### Assignment
Return the following data exactly, with all pictures left out.

### Dataset excerpt
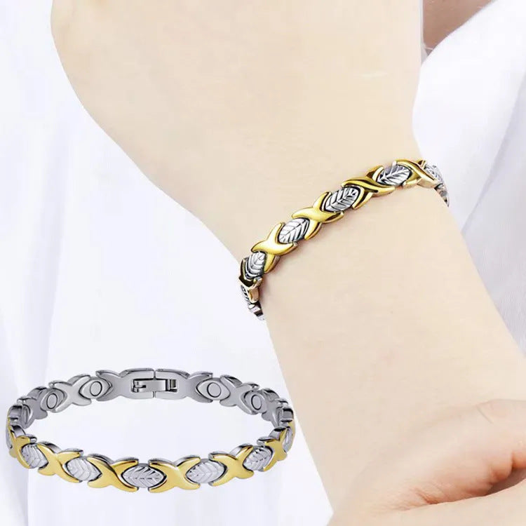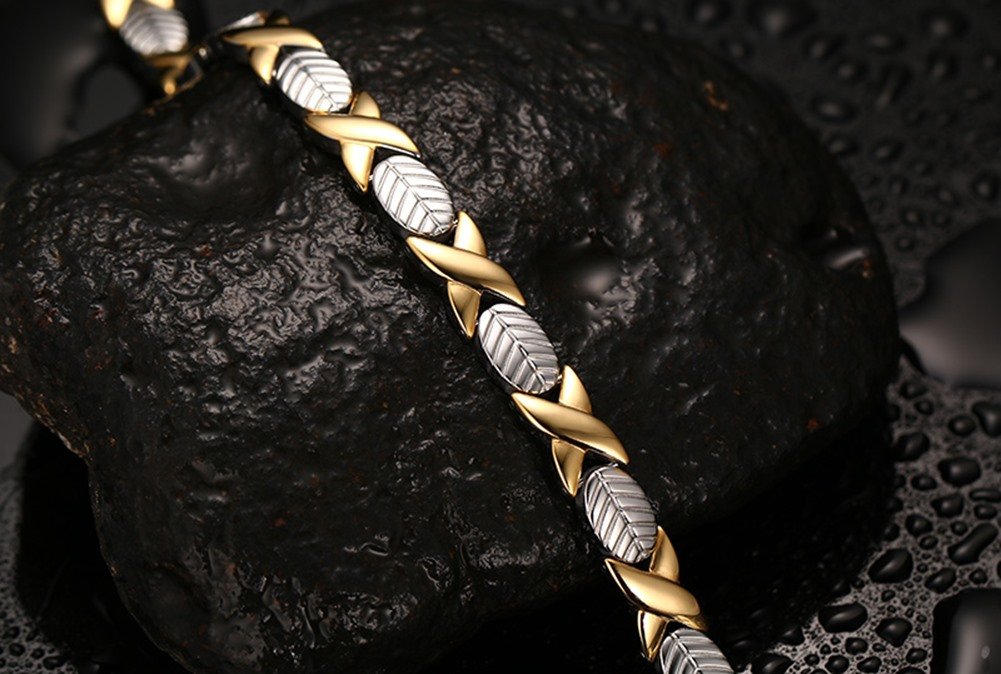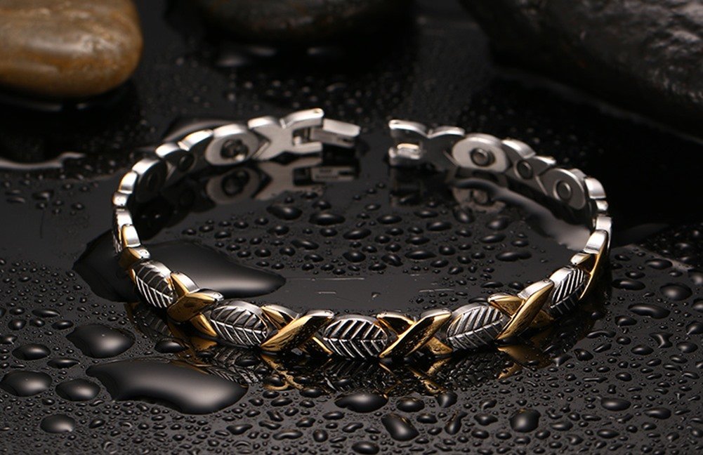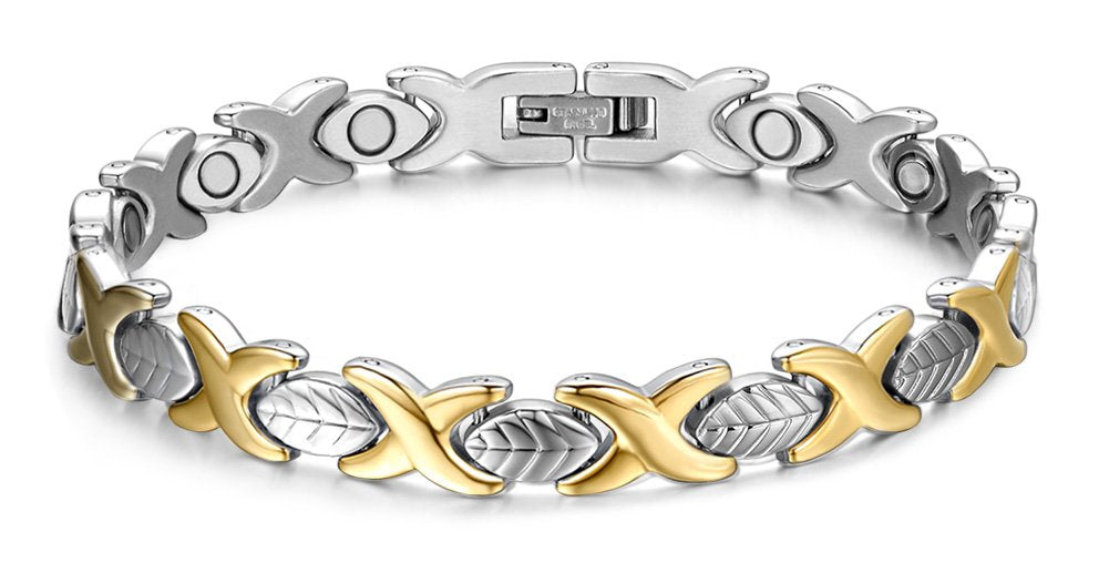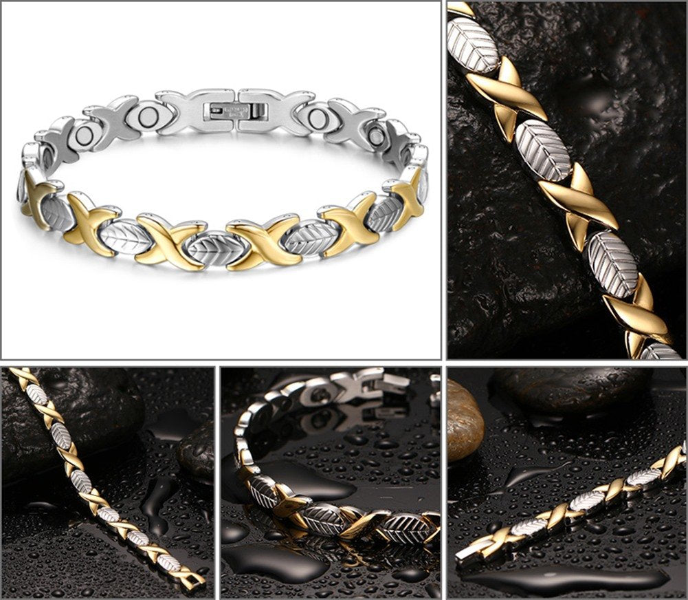 Rockyu ブレスレット レディース 磁気 シルバー&ゴールド ゲルマニウム 健康ステンレス腕輪
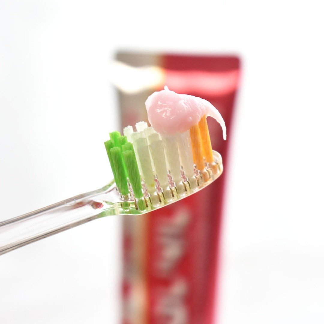 - <110g> 炭酸水素ナトリウム、濃グリセリン、精製水、塩化ナトリウム、ポリエチレングリコール400、ゼオライト、ラウロイルサルコシン塩(LSS)、フッ化ナトリウム(フッ素)、ε-アミノカプロン酸、トコフェロール酢酸エステル(ビタミンE)、β-グリチルレチン酸、塩化セチルピリジニウム(CPC)、イソプロピルメチルフェノール(IPMP)、無水ケイ酸、含水ケイ酸、ポリオキシエチレン硬化ヒマシ油、ラウリル硫酸塩、ハッカ油、カルボキシメチルセルロースナトリウム、香料(ペパーミントタイプ)、パラベン、酸化チタン、グンジョウピンク、赤色3号、黄色203号
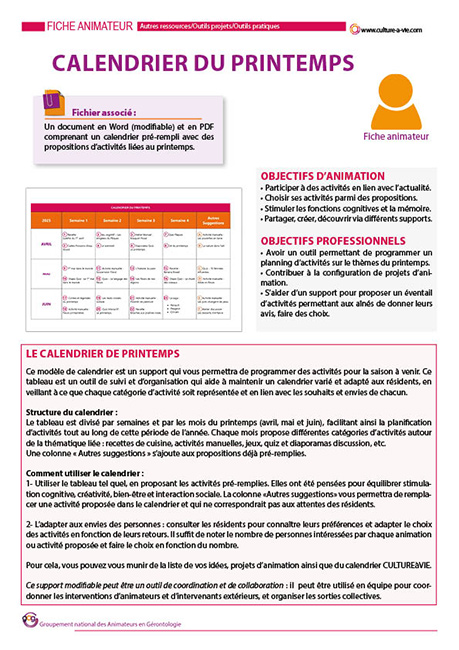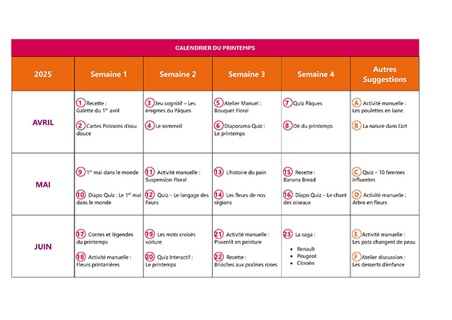 Prérempli pour les mois du printemps, ce calendrier à imprimer présente 15 contenus d’animations. Il servira à mettre en place des ateliers discussions ou activités manuelles où les participants pourront s’exprimer sur le thème du printemps. Ce support modifiable peut être personnalisé selon les envies de chacun. Ce tableau est un outil de recueil et d’organisation qui aide à maintenir un calendrier varié et adapté aux attentes des résidents, en veillant à ce que chaque catégorie d’activité soit représentée et en lien avec les souhaits et envies de chacun.
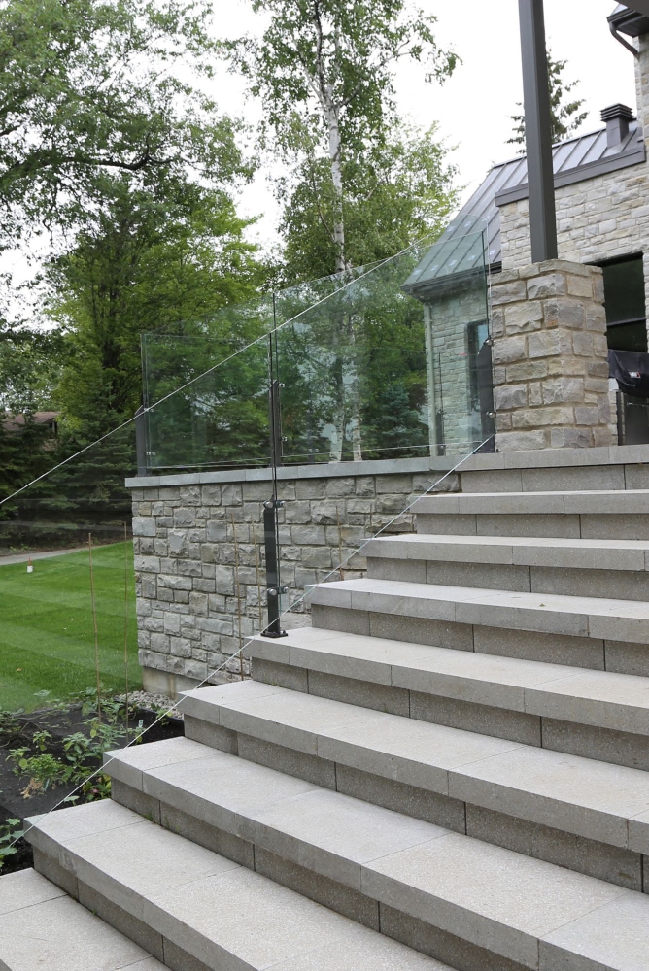 Rampe avec poteau en aluminium et verre trempé

### Written answer
 Rockyu ブレスレット レディース 磁気 シルバー&ゴールド ゲルマニウム 健康ステンレス腕輪
 - <110g> 炭酸水素ナトリウム、濃グリセリン、精製水、塩化ナトリウム、ポリエチレングリコール400、ゼオライト、ラウロイルサルコシン塩(LSS)、フッ化ナトリウム(フッ素)、ε-アミノカプロン酸、トコフェロール酢酸エステル(ビタミンE)、β-グリチルレチン酸、塩化セチルピリジニウム(CPC)、イソプロピルメチルフェノール(IPMP)、無水ケイ酸、含水ケイ酸、ポリオキシエチレン硬化ヒマシ油、ラウリル硫酸塩、ハッカ油、カルボキシメチルセルロースナトリウム、香料(ペパーミントタイプ)、パラベン、酸化チタン、グンジョウピンク、赤色3号、黄色203号
 Prérempli pour les mois du printemps, ce calendrier à imprimer présente 15 contenus d’animations. Il servira à mettre en place des ateliers discussions ou activités manuelles où les participants pourront s’exprimer sur le thème du printemps. Ce support modifiable peut être personnalisé selon les envies de chacun. Ce tableau est un outil de recueil et d’organisation qui aide à maintenir un calendrier varié et adapté aux attentes des résidents, en veillant à ce que chaque catégorie d’activité soit représentée et en lien avec les souhaits et envies de chacun.
 Rampe avec poteau en aluminium et verre trempé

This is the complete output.